Last updated: April 19, 2012
Gene Linked to Developmental Syndrome in Old Order Amish Identified by NIH Scientists
Discovery Marks First Description of Human Disorder Caused by Mutation Affecting "Protein Cage" Molecule
BETHESDA, Md. - Scientists at the National Human Genome Research Institute (NHGRI) of the National Institutes of Health and the University of Michigan Medical Center in Ann Arbor have identified an altered gene responsible for a rare developmental syndrome found predominantly among the Old Order Amish population.
Called McKusick-Kaufman syndrome, or MKS, the condition is the first human disorder to be attributed to a mutation in a gene affecting a type of molecule called a chaperonin, the researchers report in the May issue of the journal Nature Genetics. Chaperonins are sometimes called "protein cages:" They protect cells by capturing and refolding misshapen proteins that could otherwise interfere with normal cellular functions.
Females with MKS are affected by hydrometrocolpos (accumulation of fluids in the uterus and vagina). Both males and females have a form of polydactyly (the presence of extra fingers or toes) and congenital heart disease.

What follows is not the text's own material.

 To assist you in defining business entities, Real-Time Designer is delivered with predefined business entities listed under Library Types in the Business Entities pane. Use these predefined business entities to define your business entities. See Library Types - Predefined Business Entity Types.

The disorder is most serious in female infants in whom the hydrometrocolpos can cause death because of lung compression complications.
MKS is inherited in a recessive pattern, meaning that a child must inherit two altered genes, one from each parent, to be affected. Between one and three percent of the Amish people of Lancaster County, Pennsylvania are believed to be unaffected carriers of the disease, having just one copy of the altered gene.
In their study, the researchers looked at a region of chromosome 20 that they knew contained the gene responsible for the syndrome, based on earlier genetic analysis of the Old Order Amish population. A technique called sample sequencing was then used to find candidate genes in that region. One of those genes, dubbed MKKS, was altered in a sample from an Amish patient as well as in a sample from a non-Amish patient diagnosed with MKS. In both people, "misspellings" in the genetic code were found that would disrupt the function of the MKKS gene.
The researchers noted that the amino acids coded by the MKKS gene appeared very similar to those that make up the chaperonin family of proteins. Remarkably, the most similar gene to MKKS is a gene found in an ancient heat-loving bacterium, Thermus acidophilus. Although the function of the protein made by the MKKS gene is unclear, the researchers say that it may be involved in the processing of other proteins in the development of limbs, the heart and reproductive system.
"The MKKS gene mutations suggest that protein integrity may be critical to developmental processes," said Dr. Leslie Biesecker, senior author of the study and head of the human development section in the NHGRI's genetic disease research branch.
"By studying these rare or so-called orphan diseases, we learn more about both normal and abnormal human development," he added. "We are grateful to the Amish families who assisted us to find this gene. It is hoped that we can develop a screening process for carrier couples so that their pregnancies can be monitored for hydrometrocolpos by ultrasound. Affected girls could be delivered in a setting that would allow rapid surgical correction that could be life saving."